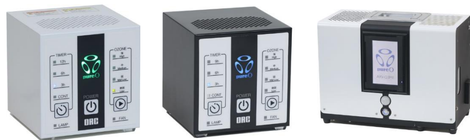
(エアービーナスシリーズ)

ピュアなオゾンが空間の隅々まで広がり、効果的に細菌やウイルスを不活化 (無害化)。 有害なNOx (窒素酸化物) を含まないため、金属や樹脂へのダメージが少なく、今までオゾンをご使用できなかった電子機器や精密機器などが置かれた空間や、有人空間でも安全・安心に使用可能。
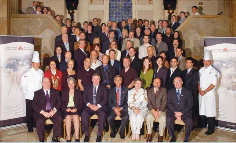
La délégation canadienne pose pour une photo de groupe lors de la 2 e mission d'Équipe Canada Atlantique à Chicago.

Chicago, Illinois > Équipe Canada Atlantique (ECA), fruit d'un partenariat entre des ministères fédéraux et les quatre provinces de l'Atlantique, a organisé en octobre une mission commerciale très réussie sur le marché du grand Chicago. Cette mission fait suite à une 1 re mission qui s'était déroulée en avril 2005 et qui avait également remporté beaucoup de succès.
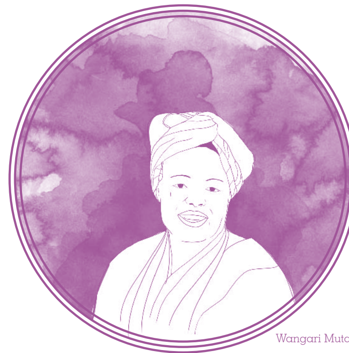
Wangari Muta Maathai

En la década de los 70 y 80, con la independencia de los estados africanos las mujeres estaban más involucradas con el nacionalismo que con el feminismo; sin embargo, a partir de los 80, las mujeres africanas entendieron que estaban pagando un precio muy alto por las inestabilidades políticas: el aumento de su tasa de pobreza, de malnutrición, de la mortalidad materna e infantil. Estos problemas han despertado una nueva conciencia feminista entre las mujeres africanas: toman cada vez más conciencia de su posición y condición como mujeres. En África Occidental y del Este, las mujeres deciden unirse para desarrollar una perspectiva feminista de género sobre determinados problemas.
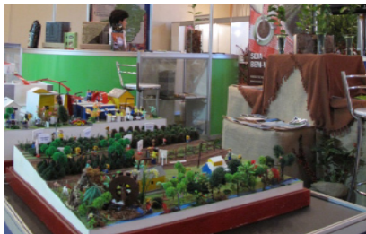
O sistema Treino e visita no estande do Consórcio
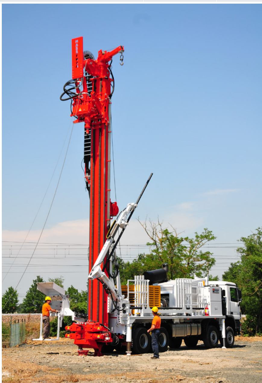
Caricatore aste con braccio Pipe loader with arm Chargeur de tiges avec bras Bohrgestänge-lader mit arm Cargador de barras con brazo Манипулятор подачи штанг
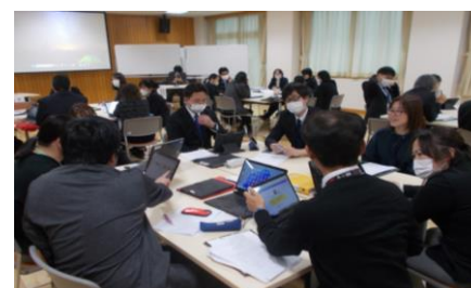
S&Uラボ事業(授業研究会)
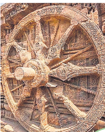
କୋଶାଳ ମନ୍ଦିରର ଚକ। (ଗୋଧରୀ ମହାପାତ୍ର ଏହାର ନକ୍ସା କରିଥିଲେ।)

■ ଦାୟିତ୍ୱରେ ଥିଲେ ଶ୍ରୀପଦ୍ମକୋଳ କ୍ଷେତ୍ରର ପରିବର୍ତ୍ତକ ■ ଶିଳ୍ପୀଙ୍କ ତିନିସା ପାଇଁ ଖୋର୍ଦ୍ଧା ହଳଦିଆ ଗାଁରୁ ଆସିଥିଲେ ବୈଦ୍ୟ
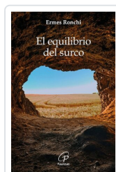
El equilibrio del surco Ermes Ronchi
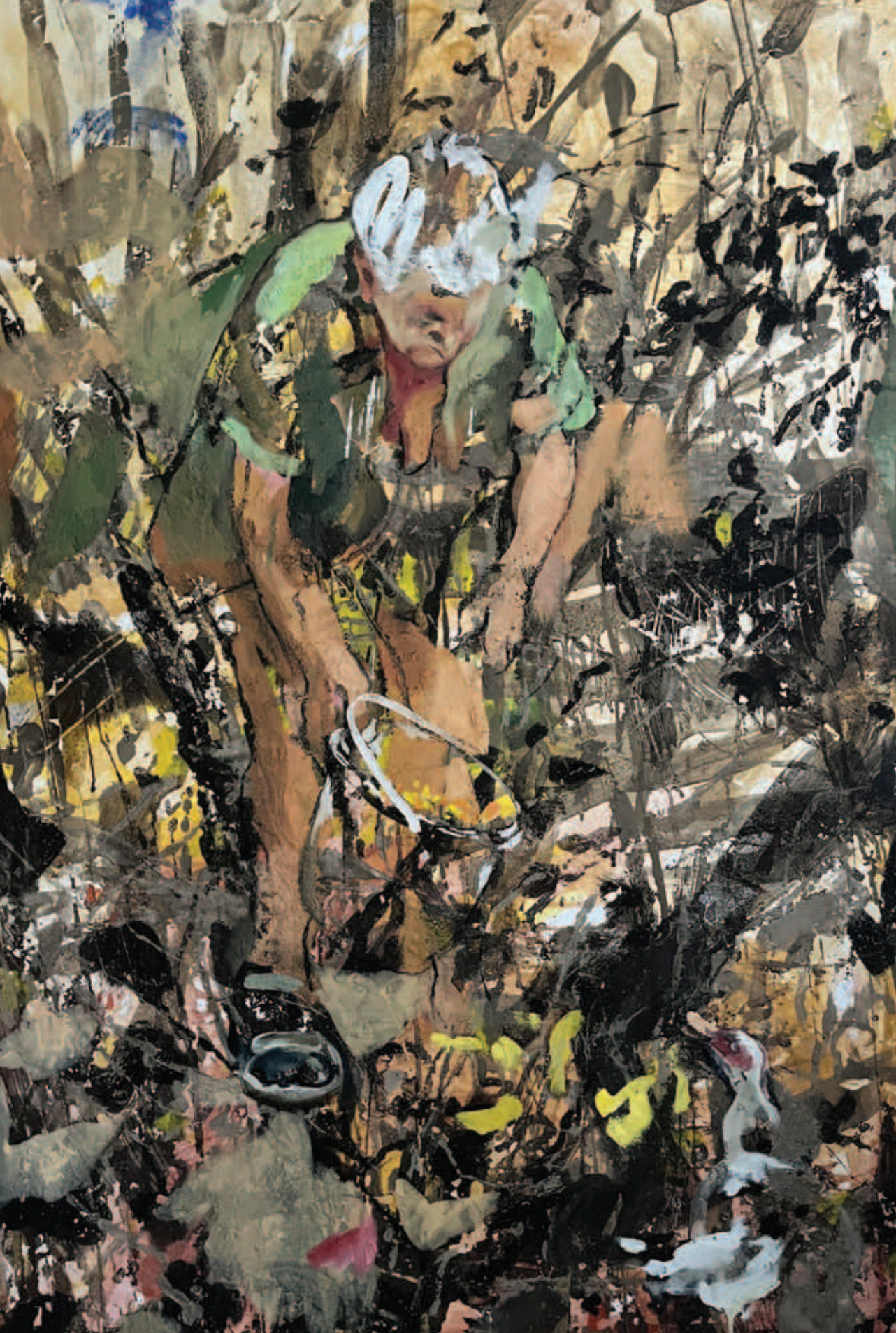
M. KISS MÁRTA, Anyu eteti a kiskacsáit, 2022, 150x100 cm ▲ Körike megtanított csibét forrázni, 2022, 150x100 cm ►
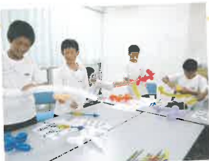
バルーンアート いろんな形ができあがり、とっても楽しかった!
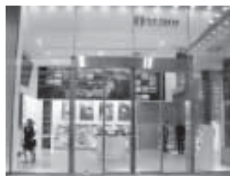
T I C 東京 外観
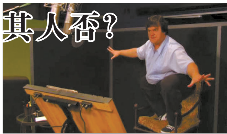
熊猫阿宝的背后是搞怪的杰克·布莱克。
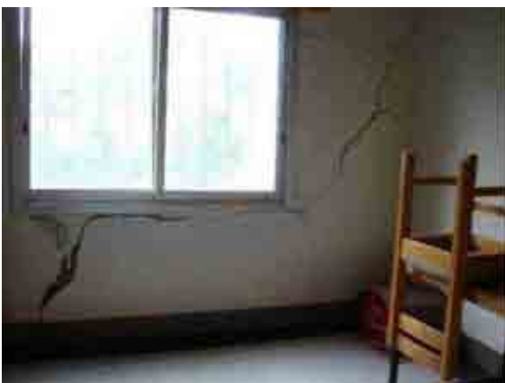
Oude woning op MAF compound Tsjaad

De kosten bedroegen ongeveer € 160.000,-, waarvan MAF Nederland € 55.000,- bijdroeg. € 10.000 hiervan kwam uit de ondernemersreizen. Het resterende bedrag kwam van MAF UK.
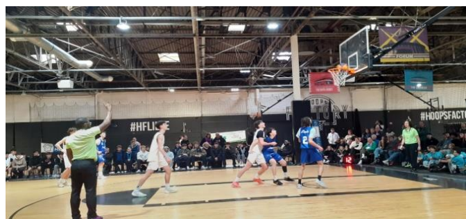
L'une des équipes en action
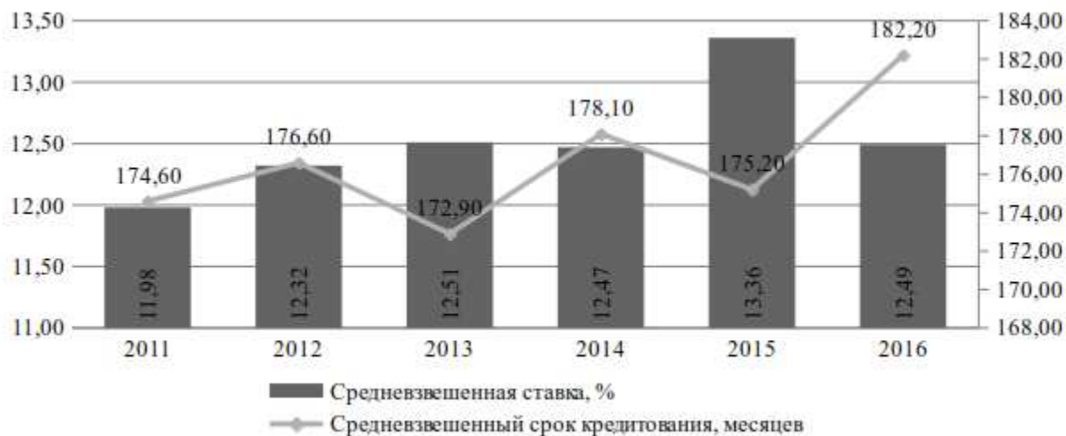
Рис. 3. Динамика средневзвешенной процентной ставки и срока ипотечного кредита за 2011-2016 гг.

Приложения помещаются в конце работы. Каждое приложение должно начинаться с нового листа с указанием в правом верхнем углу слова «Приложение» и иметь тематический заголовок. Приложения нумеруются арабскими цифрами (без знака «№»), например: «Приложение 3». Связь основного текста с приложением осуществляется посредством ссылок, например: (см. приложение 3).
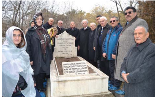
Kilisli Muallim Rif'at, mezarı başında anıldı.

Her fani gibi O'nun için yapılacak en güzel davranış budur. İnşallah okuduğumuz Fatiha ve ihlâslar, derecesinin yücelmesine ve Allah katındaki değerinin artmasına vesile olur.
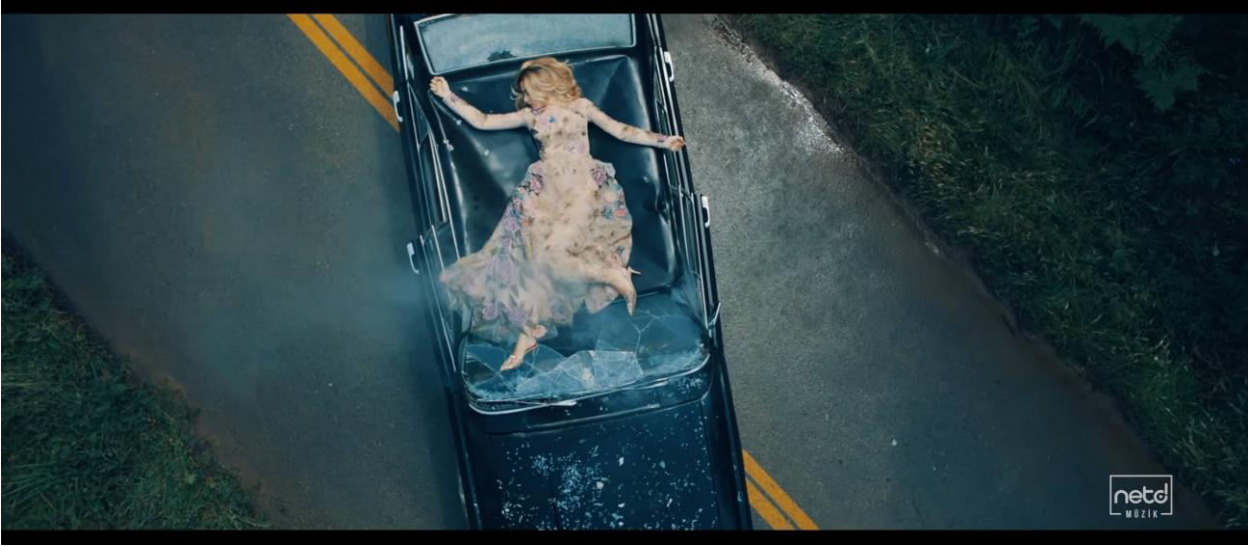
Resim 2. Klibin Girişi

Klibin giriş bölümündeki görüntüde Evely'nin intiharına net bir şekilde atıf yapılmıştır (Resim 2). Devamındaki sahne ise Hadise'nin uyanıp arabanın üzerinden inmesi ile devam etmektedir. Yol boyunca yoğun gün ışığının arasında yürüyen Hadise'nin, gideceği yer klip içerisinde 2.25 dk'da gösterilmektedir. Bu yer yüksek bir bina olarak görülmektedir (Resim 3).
· · · ·
* Work task
Your copy should consist only of the lines from the one containing "T I C 東京 外観" through the last line of the entries above, reproduced exactly, without pictures.

* Answer for the task
T I C 東京 外観
熊猫阿宝的背后是搞怪的杰克·布莱克。
Oude woning op MAF compound Tsjaad

De kosten bedroegen ongeveer € 160.000,-, waarvan MAF Nederland € 55.000,- bijdroeg. € 10.000 hiervan kwam uit de ondernemersreizen. Het resterende bedrag kwam van MAF UK.
L'une des équipes en action
Рис. 3. Динамика средневзвешенной процентной ставки и срока ипотечного кредита за 2011-2016 гг.

Приложения помещаются в конце работы. Каждое приложение должно начинаться с нового листа с указанием в правом верхнем углу слова «Приложение» и иметь тематический заголовок. Приложения нумеруются арабскими цифрами (без знака «№»), например: «Приложение 3». Связь основного текста с приложением осуществляется посредством ссылок, например: (см. приложение 3).
Kilisli Muallim Rif'at, mezarı başında anıldı.

Her fani gibi O'nun için yapılacak en güzel davranış budur. İnşallah okuduğumuz Fatiha ve ihlâslar, derecesinin yücelmesine ve Allah katındaki değerinin artmasına vesile olur.
Resim 2. Klibin Girişi

Klibin giriş bölümündeki görüntüde Evely'nin intiharına net bir şekilde atıf yapılmıştır (Resim 2). Devamındaki sahne ise Hadise'nin uyanıp arabanın üzerinden inmesi ile devam etmektedir. Yol boyunca yoğun gün ışığının arasında yürüyen Hadise'nin, gideceği yer klip içerisinde 2.25 dk'da gösterilmektedir. Bu yer yüksek bir bina olarak görülmektedir (Resim 3).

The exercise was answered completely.